About train GlaS Dataset #8

Open kirk0221 opened 8 months ago

kirk0221 commented 8 months ago

I had a problem learning XNet, your great research. The GlaS dataset, a 2D image, was preprocessed using wavelet2D.py to obtain LF and HF images of [1,128,128] testers, respectively. After passing through the XNet model, are the shapes of outputs_train1 and outputs_train2 [2,128,128] respectively?

And when we learn GlaS dataset on branch1 and branch2 on the XNet model, will 3 and 1 channels be right?

# branch 1
self.b1_1_1 = nn.Sequential(
conv3x3(in_channels, l1c), #in_channels = 3
conv3x3(l1c, l1c),
BasicBlock(l1c, l1c)

# branch 2
self.b2_1_1 = nn.Sequential(
conv3x3(1, l1c),
conv3x3(l1c, l1c),
BasicBlock(l1c, l1c)

Thank you for your answers!!

Yanfeng-Zhou commented 8 months ago

The XNet architecture was written after other baseline models, so the in_channels parameter is habitually retained and the default value is set to 3. In actual use, you can adjust it according to your own dataset.

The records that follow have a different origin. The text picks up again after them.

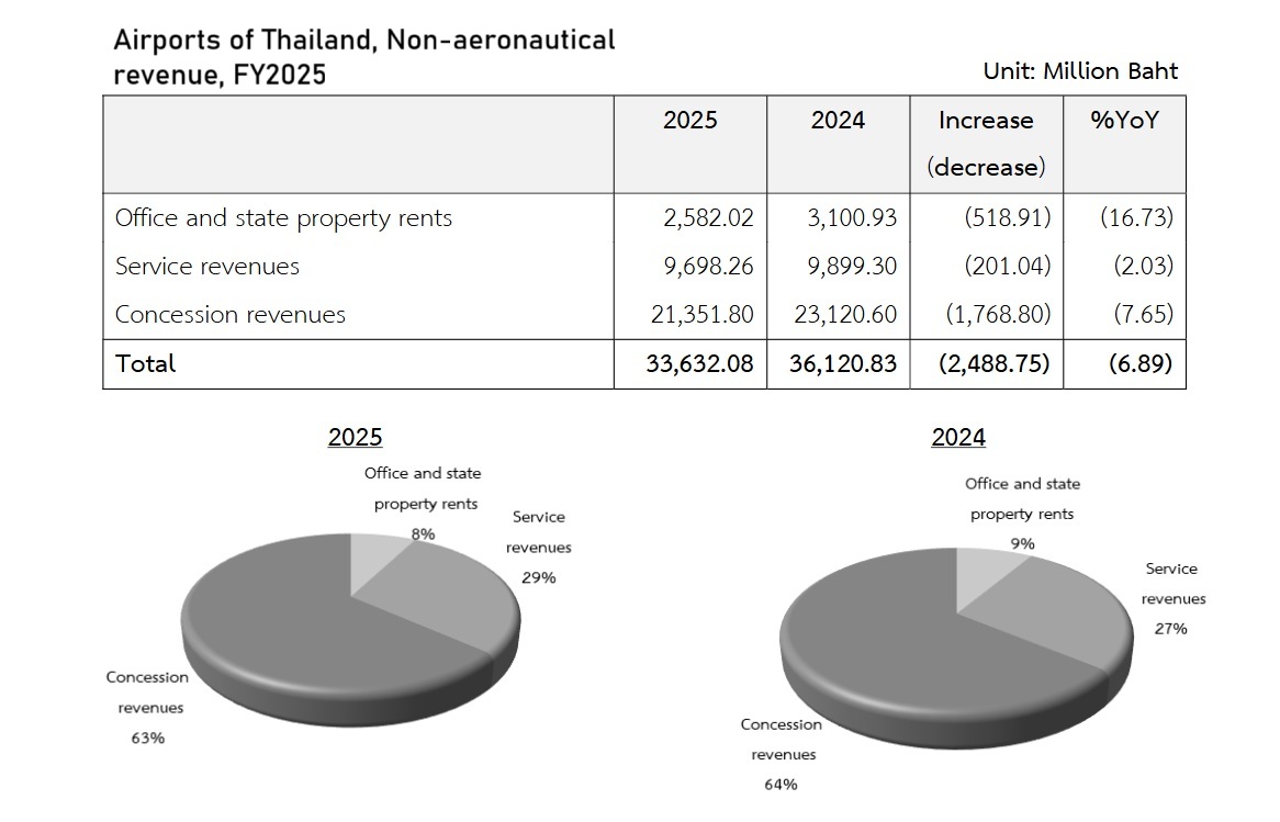 The concessions segment remains the backbone of the non-aeronautical division with a 63% share, so its contraction impacted the entire business. Total non‑aeronautical revenue fell to THB33,632 million/$1.04 billion.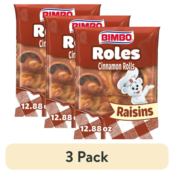 - 3-pack of Bimbo Roles de Canela con Pasas Cinnamon Rolls with Raisins, 6 count, Pastries, 12.88 oz Bag
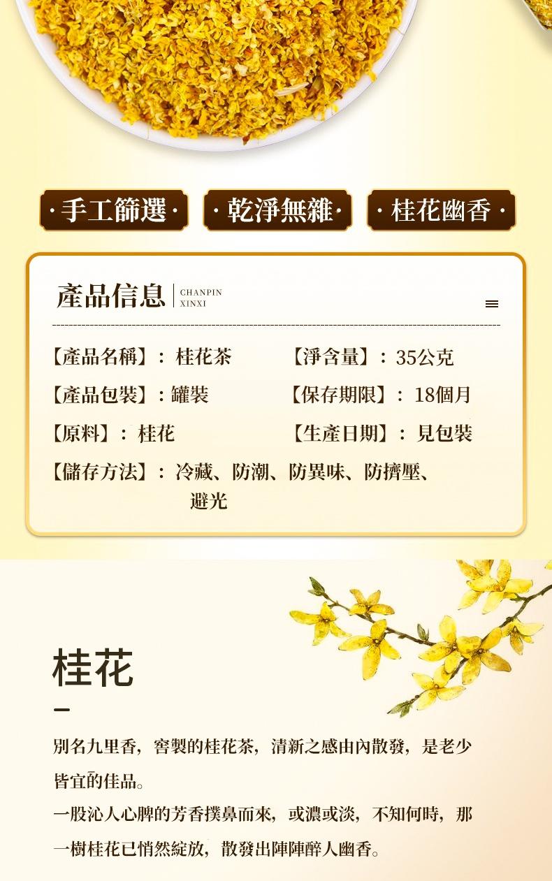 25分鐘前【限時特惠 買2送1】台灣製作,無農藥,無添加劑,無熏硫,自然農法種植,美容養顏,緩解腸胃不適,消除口臭,綠色天然的養生佳品。一罐可沖泡50次。【下單贈送花茶過濾球】 - 【買3送2,均價319/瓶】五瓶桂花乾-NT$ 1599
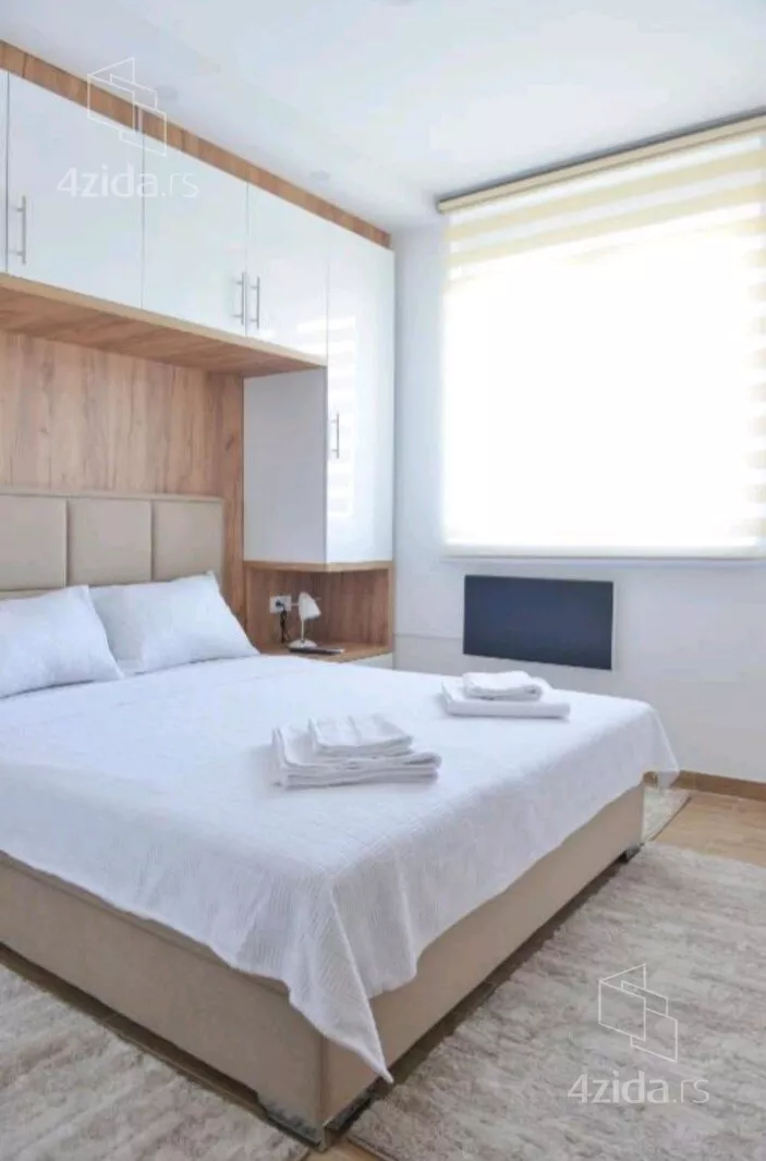 - Opremljenost: Namešteno - internet, TV, klima, veš mašina, kuhinjski elementi, frižider, šporet, rerna, ležaj, plakar, ugradni plakar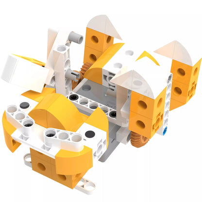 Sukonstruokite aštuonis žavingus, motorizuotus gyvūnėlius-robotukus su šiuo įžanginiu mechaninės inžinerijos rinkiniu vaikams nuo penkerių metų. Gražiai iliustruota, 32 puslapių istorijų knygelė koncentruojasi į Omegų - inžinierių ir kūrėjų šeimynos - nuotykius. Ši istorija kviečia personažus apsilankyti robotukų-naminių gyvūnėlių parduotuvėje, kurioje jie sutinka pačių įvairiausių mielų naminių gyvūnėlių-robotukų, tokių kaip pelėda, prancūzų buldogas, tinginys, panda, chameleonas, katė, vėžliukas ir triušiukas. Sekdami istorija vaikai gali sukonstruoti šių robotukų modelius ir jais eksperimentuoti bei pamatyti, kiek kiekvienam iš jų sukonstruoti reikalinga baterija varomo motoro ir mechaninių dalių tam, kad galėtų judėti skirtingomis kryptimis. Didelės plastikinės statymo detalės padeda mažoms rankutėms patogiai konstruoti modelius. Robot Pet Shop - tai įtraukiantis ir įdomus būdas mokytis paprastų inžinerijos sąvokų, suteikiančių pagrindą stipriems, su STEM įgūdžiais susijusiems, gebėjimams ir suvokimui jau nuo ankstyvo amžiaus. Modelių konstravimas ir eksperimentavimas vysto smulkiuosius motorikos įgūdžius, mechaninės inžinerijos, erdvinio suvokimo, aiškinimo bei sąvokų vystymo gebėjimus.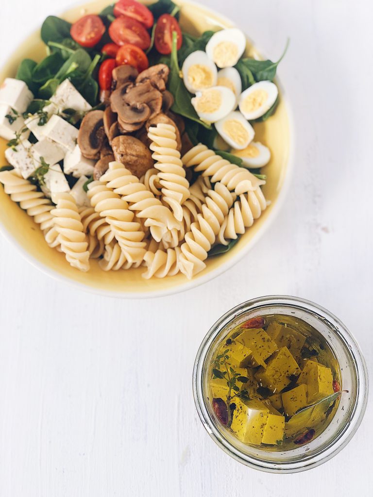 He oído muchas veces que el tofu «no sabe a nada», y puede que su ausencia de sabor sea algo característico, por eso en casa lo solemos tomar marinado con soja, o sésamo, y en este caso lo he dejado en aceite para darle un toque especiado.

For the GlaS dataset, the input is [Batch size, 1, 128, 128],the output is [Batch size, 2, 128, 128].

By the way, the wavelet transform for RGB three-channel images is very flexible. There are two strategies: (1) You can first convert the three-channel image into a grayscale image, and then perform wavelet transform to generate L and H, so that L and H are the single channel images. (2) You can also perform wavelet transformation on the three channels R, G, and B respectively, and concatenate the results, so that L and H are three-channel images.

kirk0221 commented 8 months ago

Thank you for your kind answer. Also, if you import and use a mask from GlaS Dataset, it comes out as a [128,128] tensor, so I can't calculate Dice loss by output_train of [Batch size, 2, 128, 128]. Does GlaS dataset require additional preprocessing?

Yanfeng-Zhou commented 8 months ago

Can you give me the error print?

kirk0221 commented 8 months ago

This is my tensor shape for training. inputs_train_shape1 = torch.Size([2, 1, 128, 128]) inputs_train_shape2 = torch.Size([2, 1, 128, 128]) outputs_train_shape1 = torch.Size([2, 2, 128, 128]) outputs_train_shape2 = torch.Size([2, 2, 128, 128]) mask_train = torch.Size([128, 128])

And this is my error print. Traceback (most recent call last): File "train_sup_XNet.py", line 235, in File "train_sup_XNet.py", line 235, in loss_train_sup1 = criterion(outputs_train1, mask_train) File "/home/gpuadmin/anaconda3/envs/xnet/lib/python3.7/site-packages/torch/nn/modules/module.py", line 889, in _call_impl result = self.forward(*input, *kwargs) File "/data/LAB/cha/XNet-main/loss/loss_function.py", line 140, in forward loss_train_sup1 = criterion(outputs_train1, mask_train) File "/home/gpuadmin/anaconda3/envs/xnet/lib/python3.7/site-packages/torch/nn/modules/module.py", line 889, in _call_impl return self._base_forward(output, target_one_hot, valid_mask) File "/data/LAB/cha/XNet-main/loss/loss_function.py", line 107, in _base_forward result = self.forward(input, **kwargs) File "/data/LAB/cha/XNet-main/loss/loss_function.py", line 140, in forward return self._base_forward(output, target_one_hot, valid_mask) File "/data/LAB/cha/XNet-main/loss/loss_function.py", line 107, in _base_forward dice_loss = dice(predict[:, i], target[..., i], valid_mask) dice_loss = dice(predict[:, i], target[..., i], valid_mask) IndexError: index 2 is out of bounds for dimension 1 with size 2 IndexError: index 2 is out of bounds for dimension 1 with size 2

Yanfeng-Zhou commented 8 months ago

mask_train = torch.Size([128, 128])? This seems to be because the shape of the mask is inconsistent with the shape of the image. mask is missing the dimension of batch size

kirk0221 commented 7 months ago

I check it, then i have same error

input_train_shape1 = torch.Size([2, 1, 128, 128]) input_train_shape2 = torch.Size([2, 1, 128, 128]) mask_train = torch.Size([2, 128, 128]) outputs_train_shape1 = torch.Size([2, 2, 128, 128]) outputs_train_shape2 = torch.Size([2, 2, 128, 128])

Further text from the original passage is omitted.